• YOUR OBJECTIVE
Give back every entry precisely as written, without any of the images.

• RECORDED INFORMATION
--

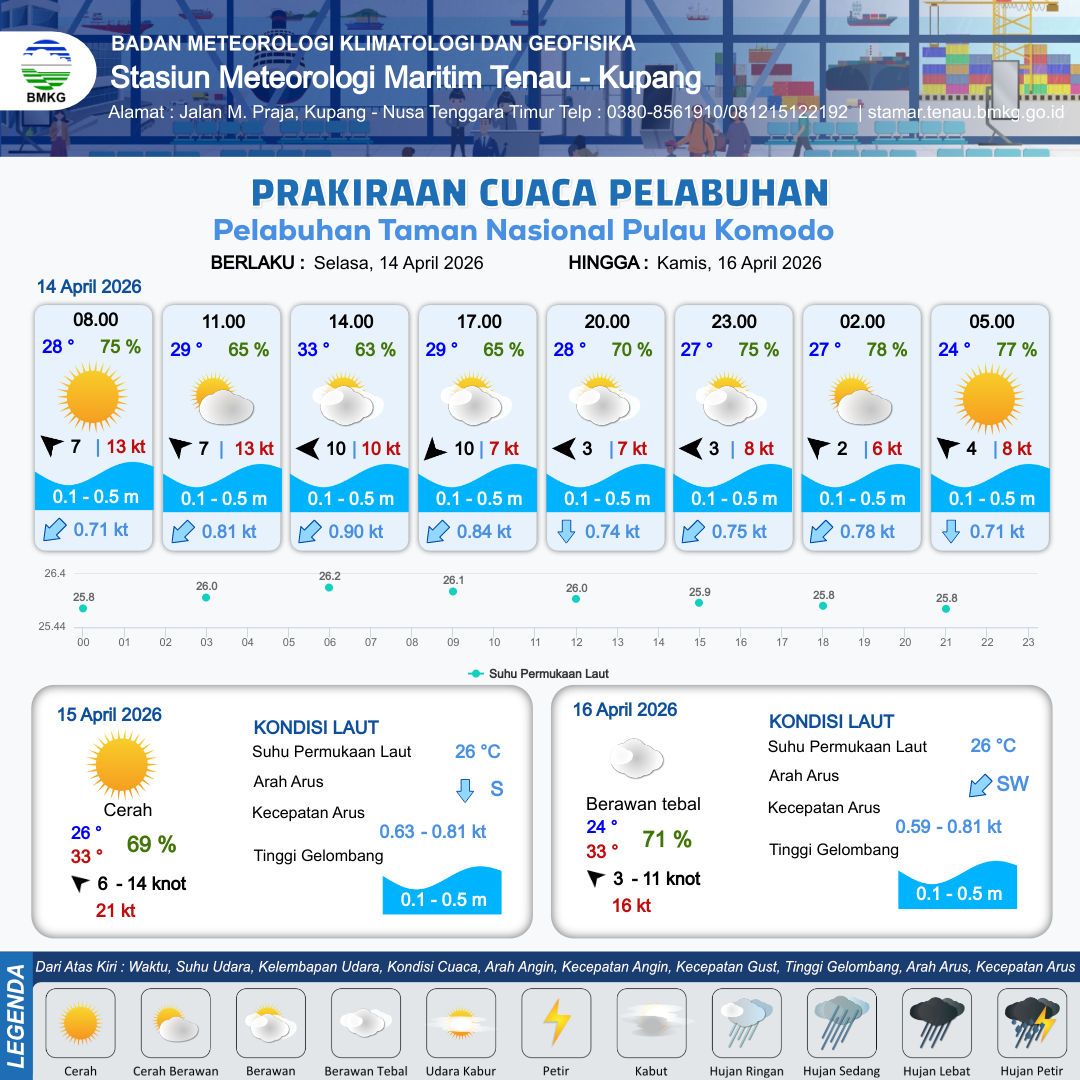 14 Apr 26, 23.00 10 jam kedepan | Tenggara 7 kt Gust Peningkatan kecepatan angin yang singkat dan tiba-tiba : 11 kt | 0.3 m Tenang | Selatan 0.6 Knot | 10 km | 26 °C | 78 % | +0.47 m |
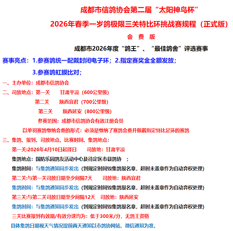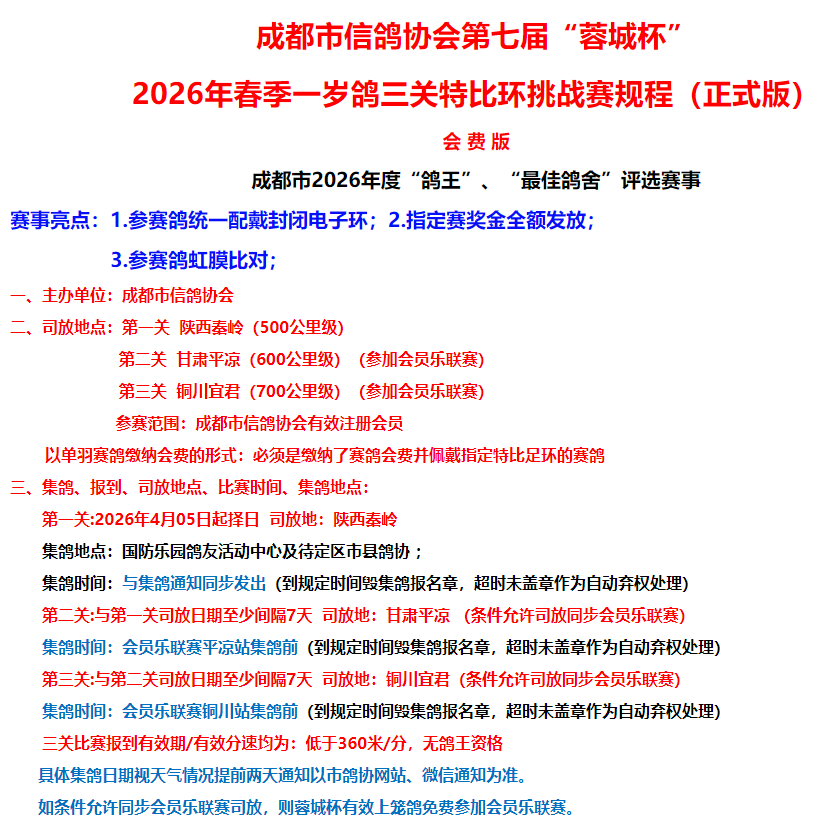 2026年春成都市第三届五赛区三关特比环大赛已经验鸽完毕,共有3055羽赛鸽参赛。 本场比赛共设有三关,分别是500公里级-司放陕西秦岭,600公里级-司放甘肃平凉,700公里级-司放陕西铜川。同时,在双关基础上增设双关赛,后两场与会员乐联赛同步。 首场500公里级秦岭站,定于4月5日后择日司放。此后空距叠加,最远打到800公里。这个春天,蓉城杯、太阳神鸟杯、五区三关特比环,以及二赛区三关特比环等多项赛事,令人期待!
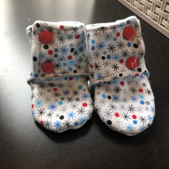 3 month baby bootie flanelette outer and blue soft fleece inner. Snap closure and elastic inner to keep on feet. Grip material on sole of foot
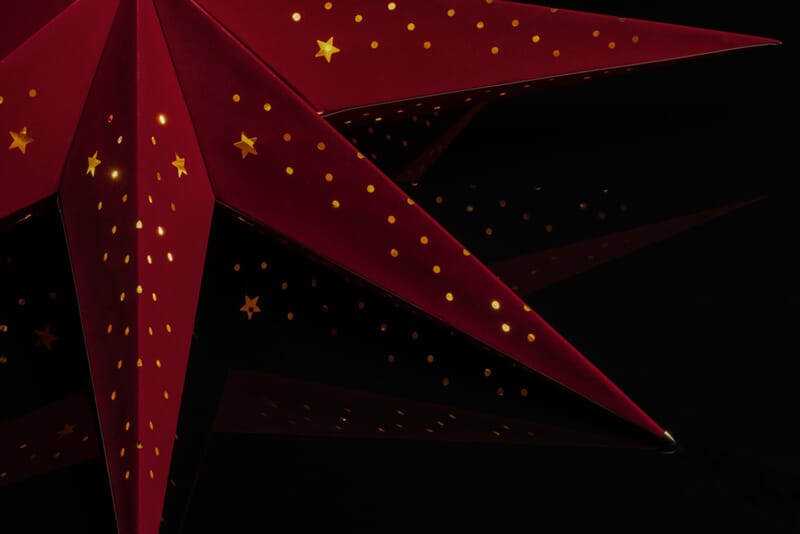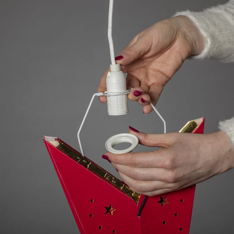 Pappstjerne 78 cm rød fløyel med gull innside. 7 armet. Inkludert oppheng. E14 lampeholder. Hvit kabel.
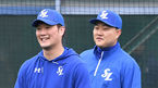 [OSEN=경산, 최규한 기자] 허삼영 감독이 이끄는 삼성 라이온즈가 1일 경상북도 경산시 삼성라이온즈 볼파크에서 2021 시즌을 준비하는 스프링캠프를 시작했다.삼성 오재일과 이성곤이 수비 훈련을 준비하며 대화를 나누고 있다. /
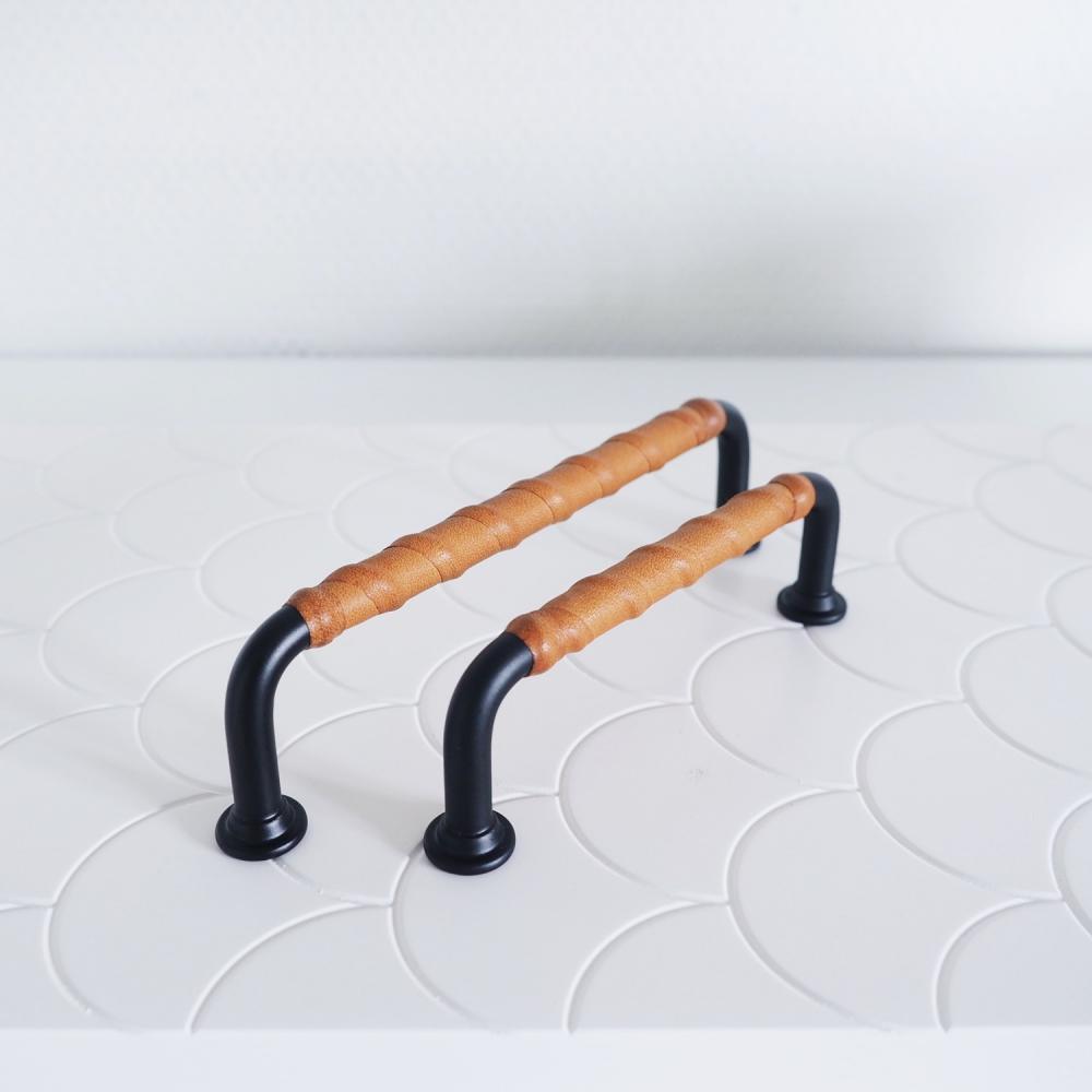 Visste du att alla våra läderhandtag lindas för hand? De lindas för hand av en person i Sverige och vårt samarbete är så bra att i princip alla handtag hos It's Design kan lindas med läder. Vill du därför ha något helt unikt, har en egen idé om hur beslaget ska se ut eller några andra önskemål så gör vi gärna specialbeställningar. Vill du ha 5st unika läderhandtag med svarta handtag och cognacsläder? Inga problem! Inga beställningar är för små och vi gör gärna jättelånga läderhandtag och läderhandtag med äldre cc-mått.
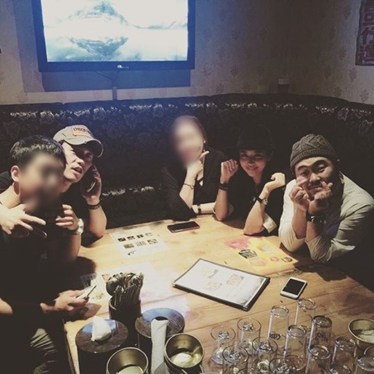 공개된 사진 속 세 사람은 지인들과 함께 술집에서 다정하게 카메라를 바라보며 기념사진을 찍고 있다. 특히 어둠 속에서도 숨길 수 없는 미모가 눈길을 끈다.
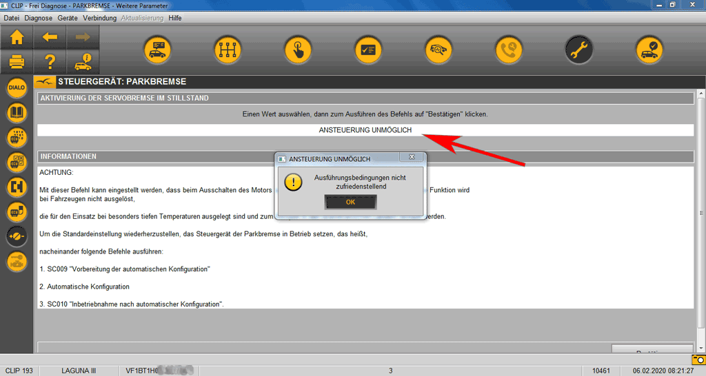 In CLIP-ReProgrammierung wird die Parkbremse nicht angezeigt
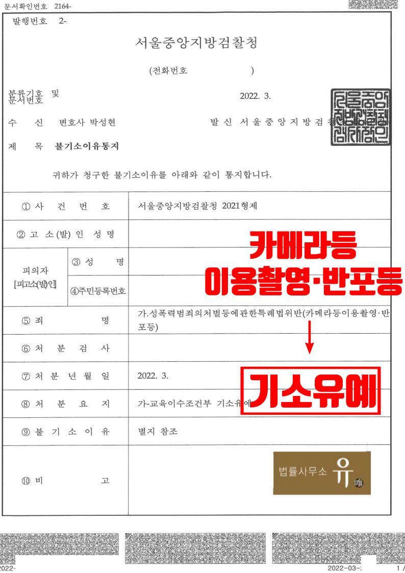 법률사무소 유(唯) 형사전문변호사의 조력 결과 서울중앙지방검찰청은 의뢰인에 대해 기소유예 처분을 하였습니다.
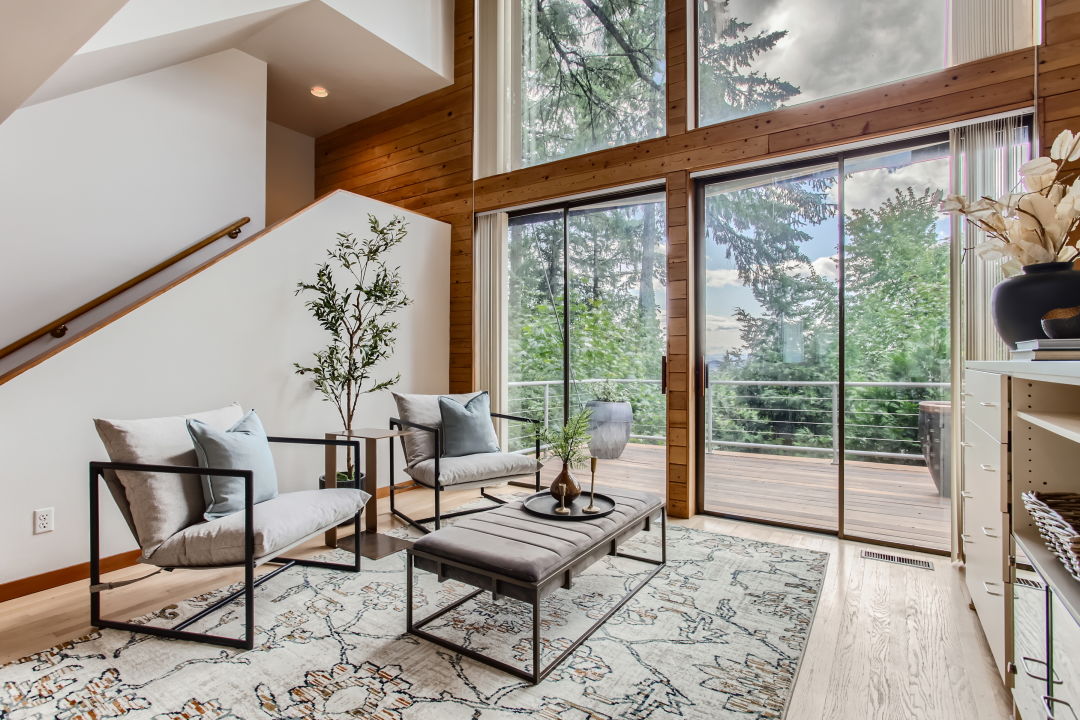 That lookout-tower effect feels even stronger from the home’s three decks. Off the already-spacious living room, a huge wooden platform juts out into the trees, adding 160 square feet of outdoor living space. The smallest deck opens up the primary bedroom through two French doors. Right off the kitchen, a framed-in balcony offers space for alfresco dining. “It's a great condo alternative,” says real estate agent Kelly Sandstrom. “No real yard, just decks with killer views.”

--

• COMPLETED TASK
 14 Apr 26, 23.00 10 jam kedepan | Tenggara 7 kt Gust Peningkatan kecepatan angin yang singkat dan tiba-tiba : 11 kt | 0.3 m Tenang | Selatan 0.6 Knot | 10 km | 26 °C | 78 % | +0.47 m |
 2026年春成都市第三届五赛区三关特比环大赛已经验鸽完毕,共有3055羽赛鸽参赛。 本场比赛共设有三关,分别是500公里级-司放陕西秦岭,600公里级-司放甘肃平凉,700公里级-司放陕西铜川。同时,在双关基础上增设双关赛,后两场与会员乐联赛同步。 首场500公里级秦岭站,定于4月5日后择日司放。此后空距叠加,最远打到800公里。这个春天,蓉城杯、太阳神鸟杯、五区三关特比环,以及二赛区三关特比环等多项赛事,令人期待!
 3 month baby bootie flanelette outer and blue soft fleece inner. Snap closure and elastic inner to keep on feet. Grip material on sole of foot
 Pappstjerne 78 cm rød fløyel med gull innside. 7 armet. Inkludert oppheng. E14 lampeholder. Hvit kabel.
 [OSEN=경산, 최규한 기자] 허삼영 감독이 이끄는 삼성 라이온즈가 1일 경상북도 경산시 삼성라이온즈 볼파크에서 2021 시즌을 준비하는 스프링캠프를 시작했다.삼성 오재일과 이성곤이 수비 훈련을 준비하며 대화를 나누고 있다. /
 Visste du att alla våra läderhandtag lindas för hand? De lindas för hand av en person i Sverige och vårt samarbete är så bra att i princip alla handtag hos It's Design kan lindas med läder. Vill du därför ha något helt unikt, har en egen idé om hur beslaget ska se ut eller några andra önskemål så gör vi gärna specialbeställningar. Vill du ha 5st unika läderhandtag med svarta handtag och cognacsläder? Inga problem! Inga beställningar är för små och vi gör gärna jättelånga läderhandtag och läderhandtag med äldre cc-mått.
 공개된 사진 속 세 사람은 지인들과 함께 술집에서 다정하게 카메라를 바라보며 기념사진을 찍고 있다. 특히 어둠 속에서도 숨길 수 없는 미모가 눈길을 끈다.
 In CLIP-ReProgrammierung wird die Parkbremse nicht angezeigt
 법률사무소 유(唯) 형사전문변호사의 조력 결과 서울중앙지방검찰청은 의뢰인에 대해 기소유예 처분을 하였습니다.
 That lookout-tower effect feels even stronger from the home’s three decks. Off the already-spacious living room, a huge wooden platform juts out into the trees, adding 160 square feet of outdoor living space. The smallest deck opens up the primary bedroom through two French doors. Right off the kitchen, a framed-in balcony offers space for alfresco dining. “It's a great condo alternative,” says real estate agent Kelly Sandstrom. “No real yard, just decks with killer views.”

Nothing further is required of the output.